Avec près de deux mètres de haut pour plus de quatre mètres de large, cette pièce majeure est non seulement un chef-d’œuvre de l’artiste, mais aussi une expérience sensorielle et spirituelle à part entière.
California, (IKB 71) n’est pas une simple peinture. C’est une invitation à l’immersion, un ‘happening’ visuel où le spectateur est convié à s’abandonner dans une profondeur à la fois tangible et insaisissable. La surface de l’œuvre, à la texture rugueuse et accidentée, évoque la croûte terrestre d’un sol encore vierge, ou les reliefs mystérieux des fonds marins.

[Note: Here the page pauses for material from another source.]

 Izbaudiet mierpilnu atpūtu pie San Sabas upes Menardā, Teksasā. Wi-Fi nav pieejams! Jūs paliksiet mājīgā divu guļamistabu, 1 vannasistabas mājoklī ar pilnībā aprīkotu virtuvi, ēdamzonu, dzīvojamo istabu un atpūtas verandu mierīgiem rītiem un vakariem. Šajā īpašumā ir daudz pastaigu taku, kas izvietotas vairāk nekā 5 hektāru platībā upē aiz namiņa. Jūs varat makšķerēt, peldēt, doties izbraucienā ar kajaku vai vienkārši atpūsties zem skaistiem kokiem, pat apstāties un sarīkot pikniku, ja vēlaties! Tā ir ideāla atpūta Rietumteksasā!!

Ses douces bosselures, presque organiques, rappellent les récifs coralliens ou les motifs ondulants des jardins zen que Klein découvrit lors de son voyage au Japon en 1952-1953. L’œuvre, quasi sculpturale dans sa présence massive, semble pourtant évanescente, comme si sa matière poudreuse pouvait se dissoudre sous le regard.

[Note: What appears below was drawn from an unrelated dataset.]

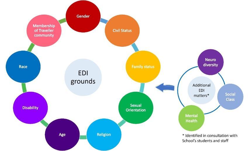 | Advancing awareness and encouraging discussion about equality, diversity and inclusion related to the different grounds established through EDI regulation, in addition to issues identified specifically in our School (see diagram below). |

Ce bleu profond, intense et vibrant, crée un vide absolu où matière et esprit se confondent. Il préfigure les « reliefs planétaires » de l’artiste, tout en évoquant l’immensité silencieuse de l’océan ou d’un ciel sans fin. Roland F. Pease, critique new-yorkais, décrivit l’expérience de se tenir devant un monochrome de Klein comme celle de « contempler une merveille de la nature pour la toute première fois, une de ces merveilles colossales, comme le Grand Canyon ». Selon lui, la grandeur de ces toiles réside dans leur silence, « immense, presque insoutenable ».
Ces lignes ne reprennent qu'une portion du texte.